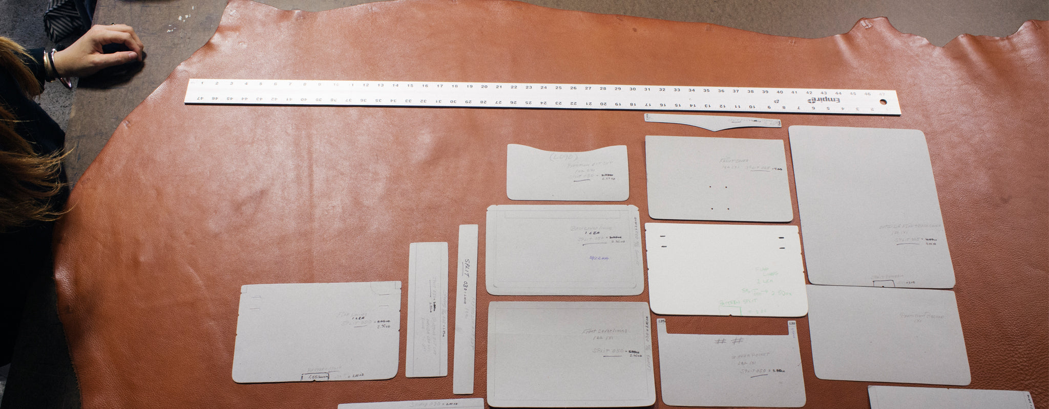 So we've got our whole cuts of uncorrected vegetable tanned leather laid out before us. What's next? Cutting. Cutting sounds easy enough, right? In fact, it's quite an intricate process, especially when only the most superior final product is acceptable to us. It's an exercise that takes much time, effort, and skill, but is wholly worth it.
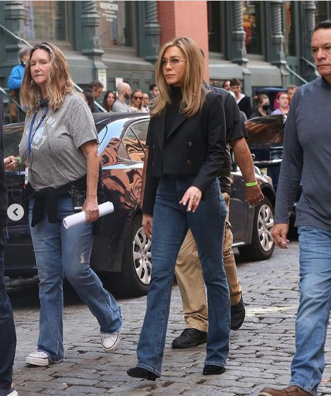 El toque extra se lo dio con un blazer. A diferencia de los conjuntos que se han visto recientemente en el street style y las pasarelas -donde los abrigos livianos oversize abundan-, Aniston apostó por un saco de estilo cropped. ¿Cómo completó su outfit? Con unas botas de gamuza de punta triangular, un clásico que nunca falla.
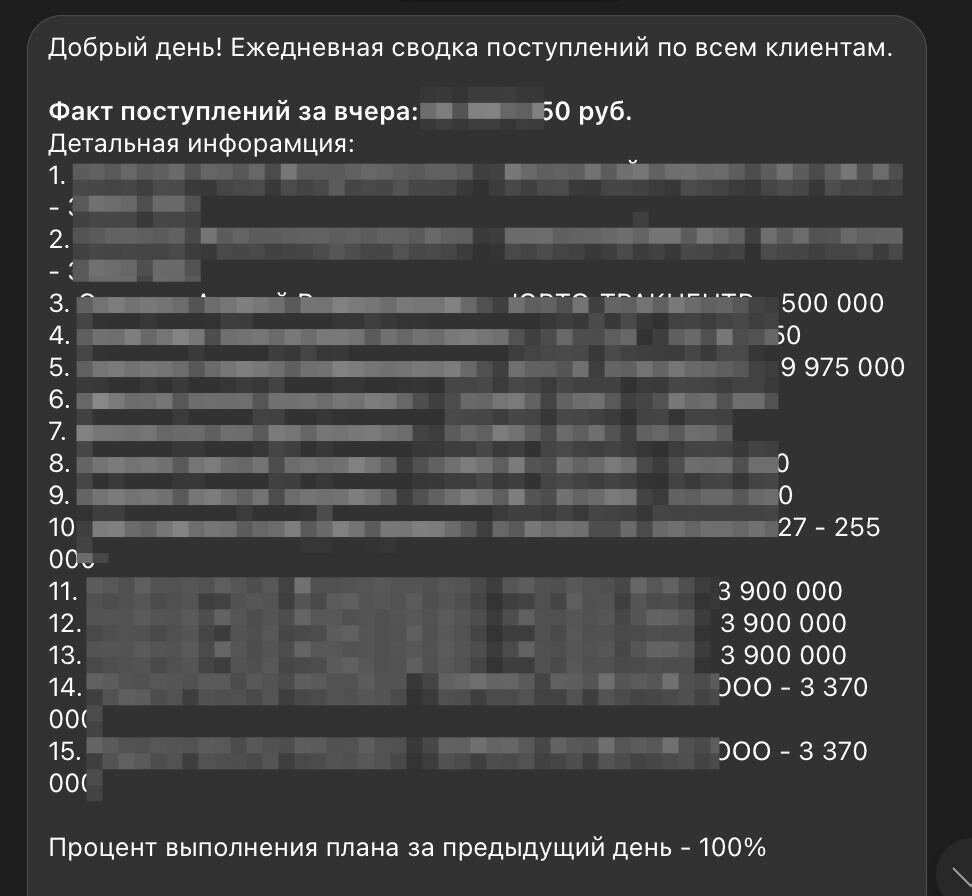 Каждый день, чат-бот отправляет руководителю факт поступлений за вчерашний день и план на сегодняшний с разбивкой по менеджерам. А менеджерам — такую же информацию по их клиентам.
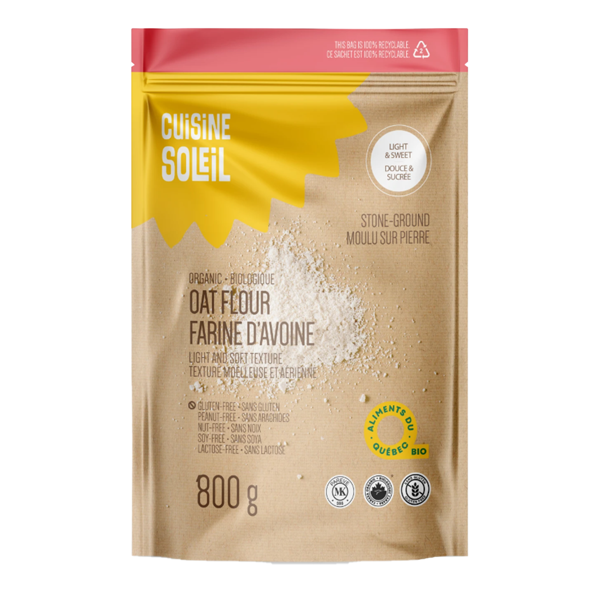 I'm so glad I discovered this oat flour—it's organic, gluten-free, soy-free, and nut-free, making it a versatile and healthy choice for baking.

▬▬▬▬▬▬

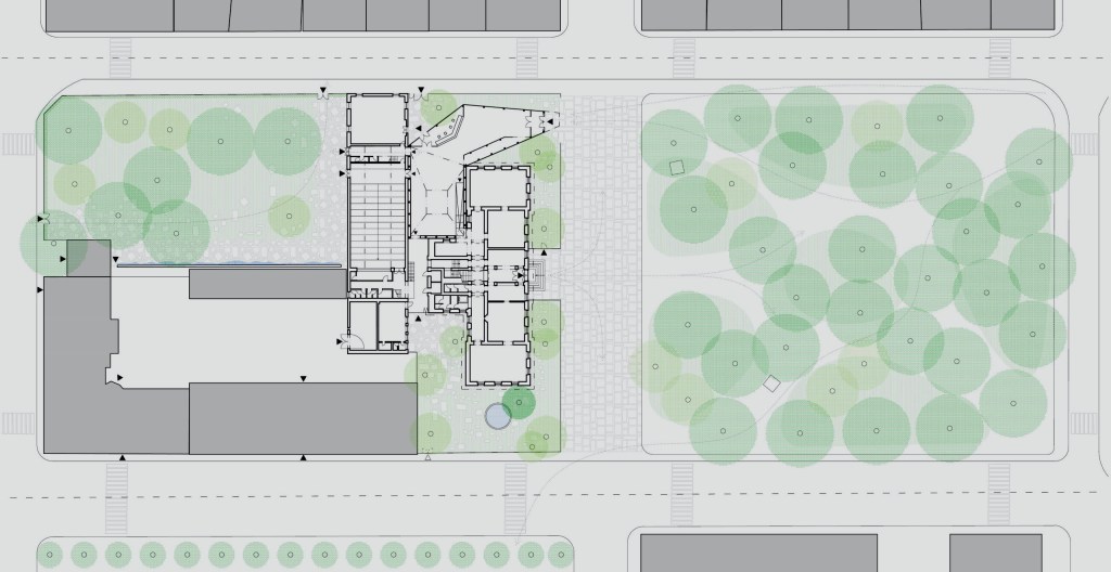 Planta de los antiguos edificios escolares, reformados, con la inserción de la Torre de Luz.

▬▬▬▬▬▬

• _WHAT IS EXPECTED_
In the entries above, which lines run from the one with "So we've got" up to and including the one with "I'm so glad"? Write them out exactly, without the pictures.

• _ANSWER TO THE PROBLEM_
 So we've got our whole cuts of uncorrected vegetable tanned leather laid out before us. What's next? Cutting. Cutting sounds easy enough, right? In fact, it's quite an intricate process, especially when only the most superior final product is acceptable to us. It's an exercise that takes much time, effort, and skill, but is wholly worth it.
 El toque extra se lo dio con un blazer. A diferencia de los conjuntos que se han visto recientemente en el street style y las pasarelas -donde los abrigos livianos oversize abundan-, Aniston apostó por un saco de estilo cropped. ¿Cómo completó su outfit? Con unas botas de gamuza de punta triangular, un clásico que nunca falla.
 Каждый день, чат-бот отправляет руководителю факт поступлений за вчерашний день и план на сегодняшний с разбивкой по менеджерам. А менеджерам — такую же информацию по их клиентам.
 I'm so glad I discovered this oat flour—it's organic, gluten-free, soy-free, and nut-free, making it a versatile and healthy choice for baking.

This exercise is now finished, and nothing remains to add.